*** EXERCISE MATERIALS ***
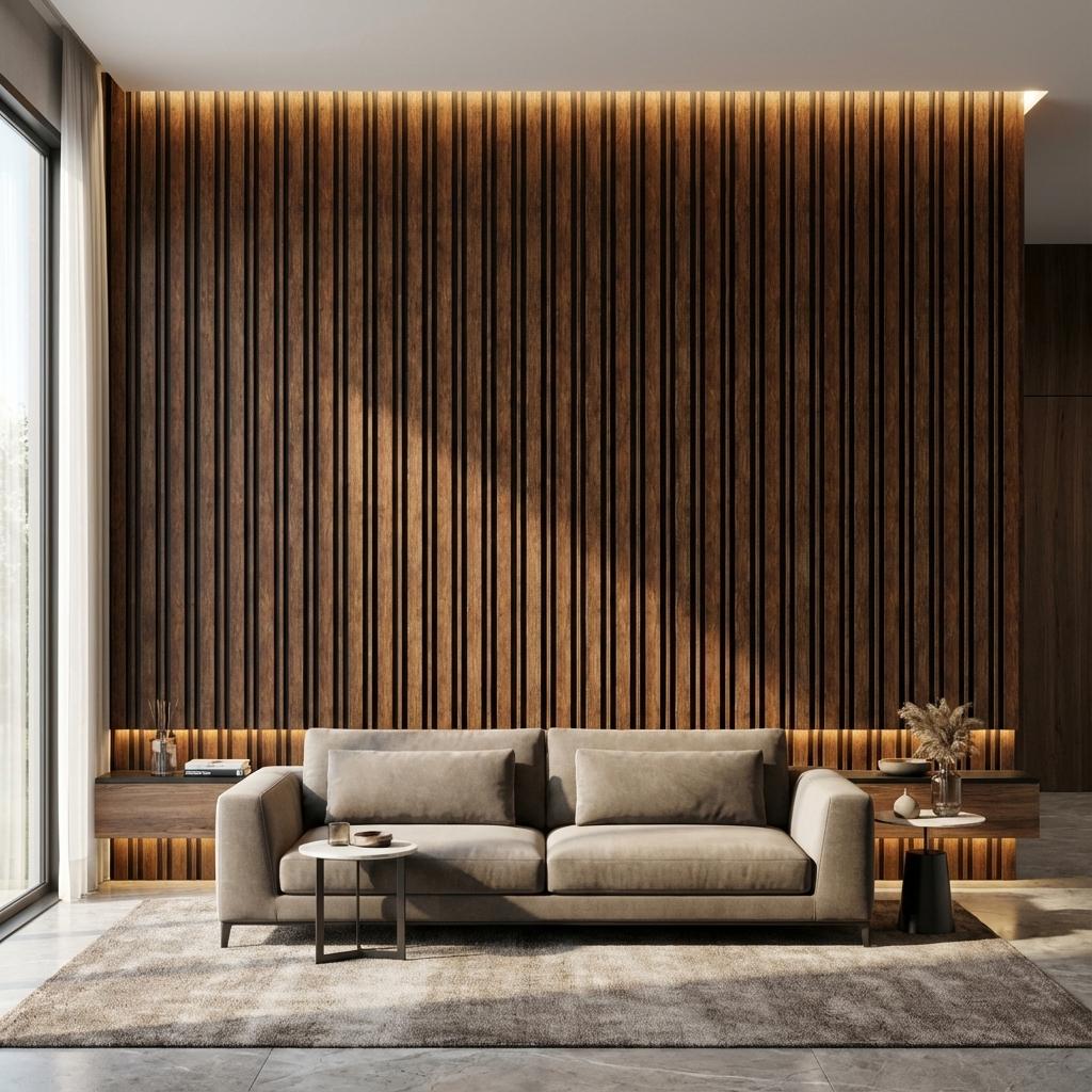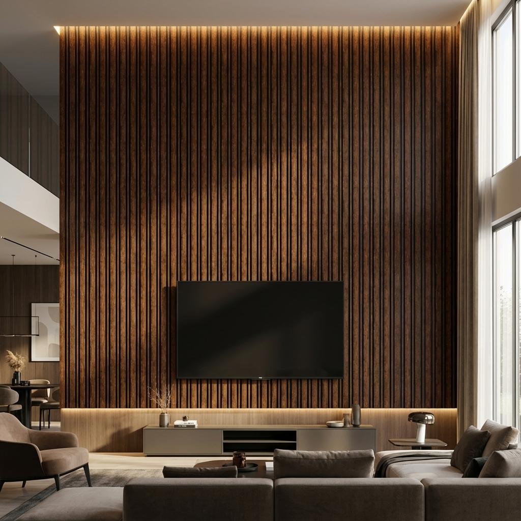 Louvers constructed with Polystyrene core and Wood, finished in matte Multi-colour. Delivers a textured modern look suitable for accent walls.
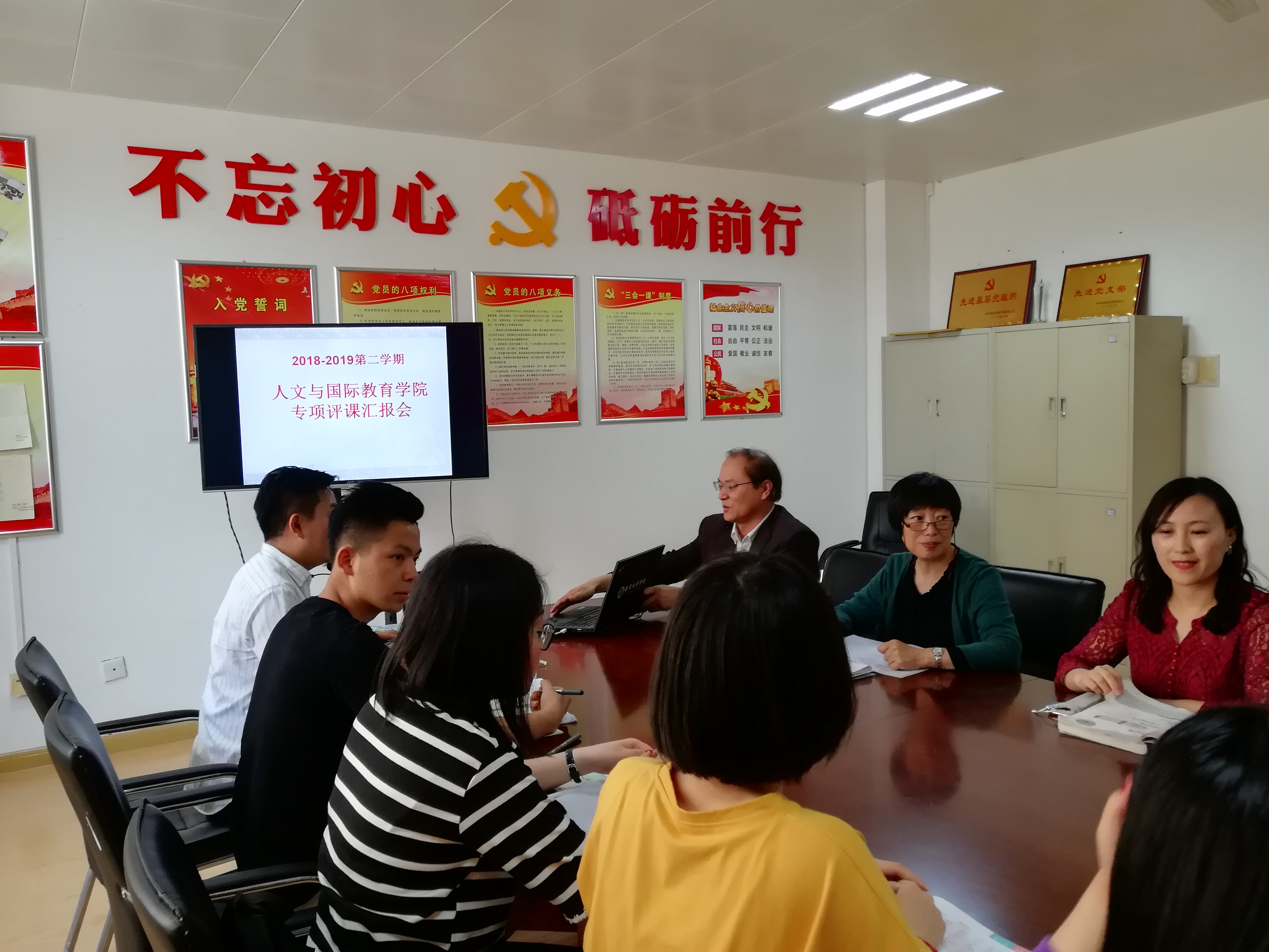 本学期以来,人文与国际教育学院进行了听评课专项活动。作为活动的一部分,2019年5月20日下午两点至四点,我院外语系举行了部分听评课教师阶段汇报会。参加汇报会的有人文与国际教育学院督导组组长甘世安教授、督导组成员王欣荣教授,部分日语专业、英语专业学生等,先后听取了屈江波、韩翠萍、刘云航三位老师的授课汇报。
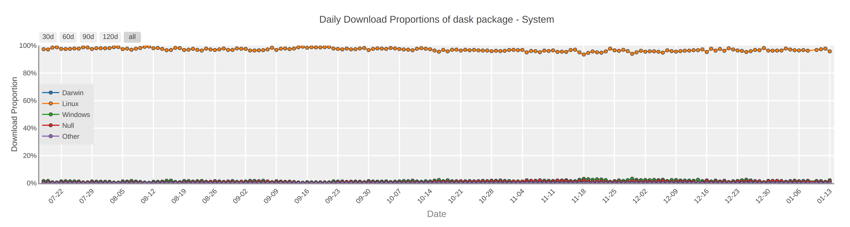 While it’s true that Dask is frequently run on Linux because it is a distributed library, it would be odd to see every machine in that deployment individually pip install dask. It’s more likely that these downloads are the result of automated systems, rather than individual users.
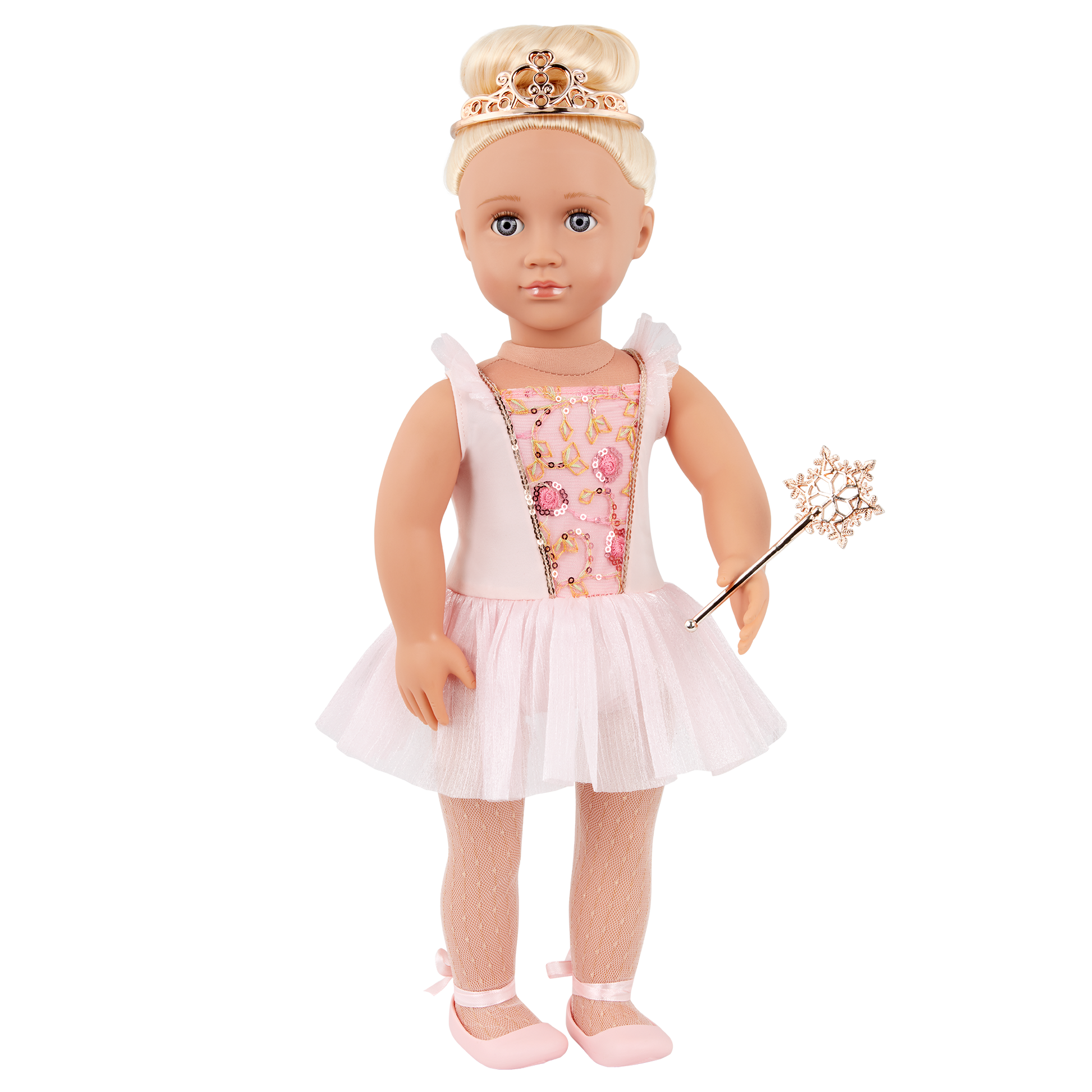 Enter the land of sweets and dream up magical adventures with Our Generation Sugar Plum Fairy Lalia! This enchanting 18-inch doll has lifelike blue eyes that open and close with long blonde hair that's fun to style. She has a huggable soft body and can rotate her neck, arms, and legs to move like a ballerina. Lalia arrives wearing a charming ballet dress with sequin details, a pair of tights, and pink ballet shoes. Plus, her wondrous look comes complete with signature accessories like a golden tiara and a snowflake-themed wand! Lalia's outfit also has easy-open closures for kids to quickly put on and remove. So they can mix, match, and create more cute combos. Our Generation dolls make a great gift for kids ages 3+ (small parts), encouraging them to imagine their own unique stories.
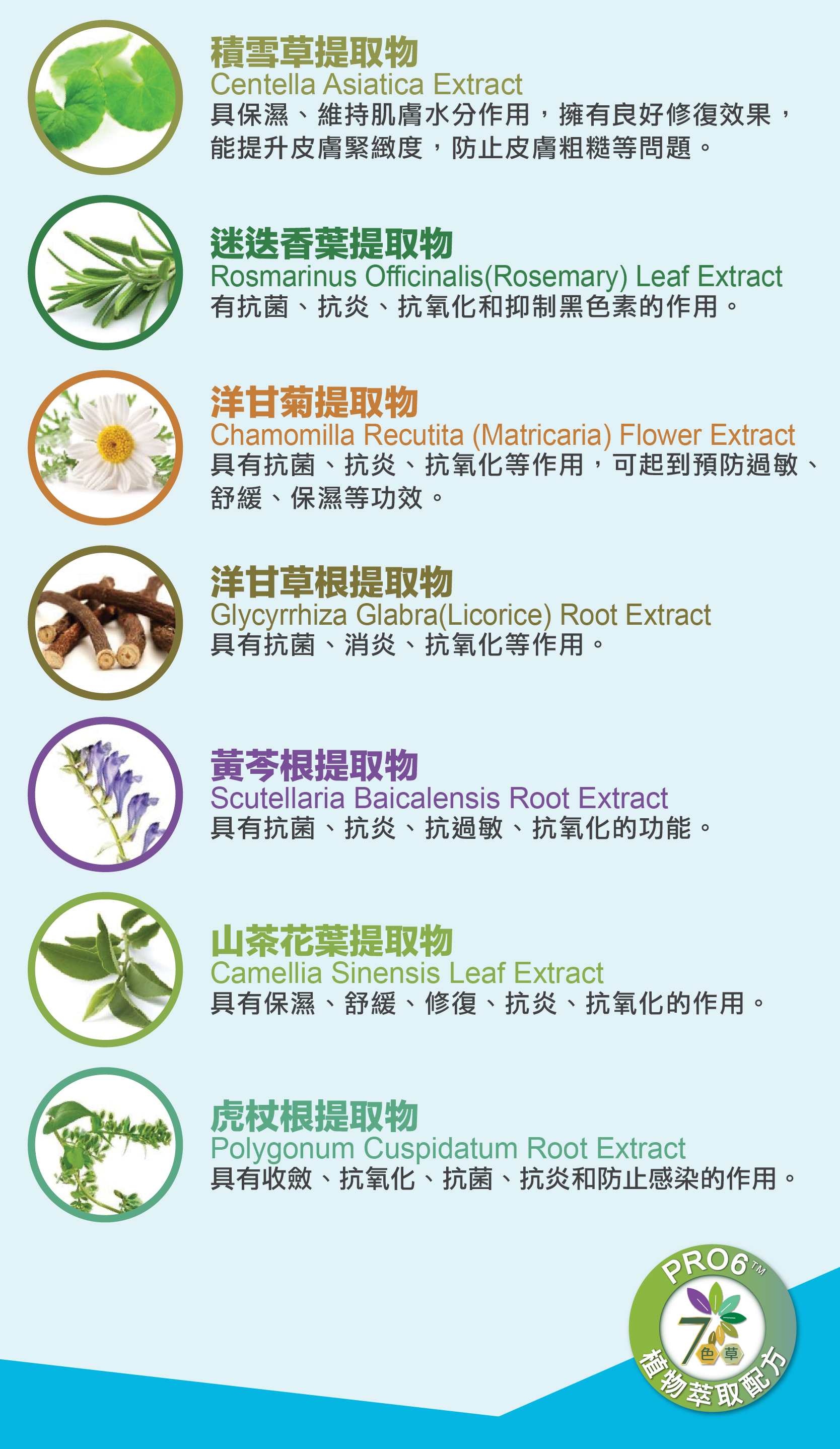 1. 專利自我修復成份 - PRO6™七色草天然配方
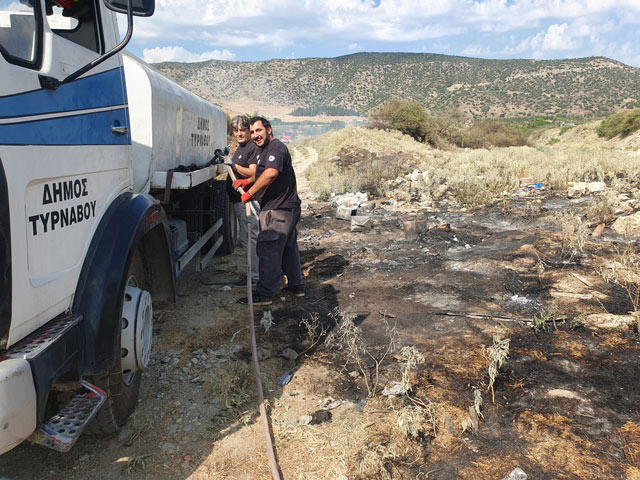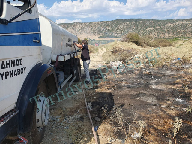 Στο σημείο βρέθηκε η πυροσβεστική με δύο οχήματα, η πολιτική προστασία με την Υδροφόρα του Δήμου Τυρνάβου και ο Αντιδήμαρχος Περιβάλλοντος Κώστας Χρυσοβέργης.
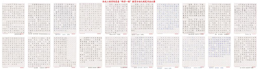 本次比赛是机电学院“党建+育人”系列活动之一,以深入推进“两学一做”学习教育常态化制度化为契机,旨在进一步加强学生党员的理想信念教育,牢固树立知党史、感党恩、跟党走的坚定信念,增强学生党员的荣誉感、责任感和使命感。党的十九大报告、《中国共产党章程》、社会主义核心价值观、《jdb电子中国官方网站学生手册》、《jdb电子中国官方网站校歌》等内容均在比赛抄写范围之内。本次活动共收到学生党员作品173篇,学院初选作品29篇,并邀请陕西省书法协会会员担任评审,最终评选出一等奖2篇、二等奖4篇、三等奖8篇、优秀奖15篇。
*** End of EXERCISE MATERIALS ***
ACTIVITY: Return the complete data unchanged and include none of the pictures.

TASK RESPONSE:
 Louvers constructed with Polystyrene core and Wood, finished in matte Multi-colour. Delivers a textured modern look suitable for accent walls.
 本学期以来,人文与国际教育学院进行了听评课专项活动。作为活动的一部分,2019年5月20日下午两点至四点,我院外语系举行了部分听评课教师阶段汇报会。参加汇报会的有人文与国际教育学院督导组组长甘世安教授、督导组成员王欣荣教授,部分日语专业、英语专业学生等,先后听取了屈江波、韩翠萍、刘云航三位老师的授课汇报。
 While it’s true that Dask is frequently run on Linux because it is a distributed library, it would be odd to see every machine in that deployment individually pip install dask. It’s more likely that these downloads are the result of automated systems, rather than individual users.
 Enter the land of sweets and dream up magical adventures with Our Generation Sugar Plum Fairy Lalia! This enchanting 18-inch doll has lifelike blue eyes that open and close with long blonde hair that's fun to style. She has a huggable soft body and can rotate her neck, arms, and legs to move like a ballerina. Lalia arrives wearing a charming ballet dress with sequin details, a pair of tights, and pink ballet shoes. Plus, her wondrous look comes complete with signature accessories like a golden tiara and a snowflake-themed wand! Lalia's outfit also has easy-open closures for kids to quickly put on and remove. So they can mix, match, and create more cute combos. Our Generation dolls make a great gift for kids ages 3+ (small parts), encouraging them to imagine their own unique stories.
 1. 專利自我修復成份 - PRO6™七色草天然配方
 Στο σημείο βρέθηκε η πυροσβεστική με δύο οχήματα, η πολιτική προστασία με την Υδροφόρα του Δήμου Τυρνάβου και ο Αντιδήμαρχος Περιβάλλοντος Κώστας Χρυσοβέργης.
 本次比赛是机电学院“党建+育人”系列活动之一,以深入推进“两学一做”学习教育常态化制度化为契机,旨在进一步加强学生党员的理想信念教育,牢固树立知党史、感党恩、跟党走的坚定信念,增强学生党员的荣誉感、责任感和使命感。党的十九大报告、《中国共产党章程》、社会主义核心价值观、《jdb电子中国官方网站学生手册》、《jdb电子中国官方网站校歌》等内容均在比赛抄写范围之内。本次活动共收到学生党员作品173篇,学院初选作品29篇,并邀请陕西省书法协会会员担任评审,最终评选出一等奖2篇、二等奖4篇、三等奖8篇、优秀奖15篇。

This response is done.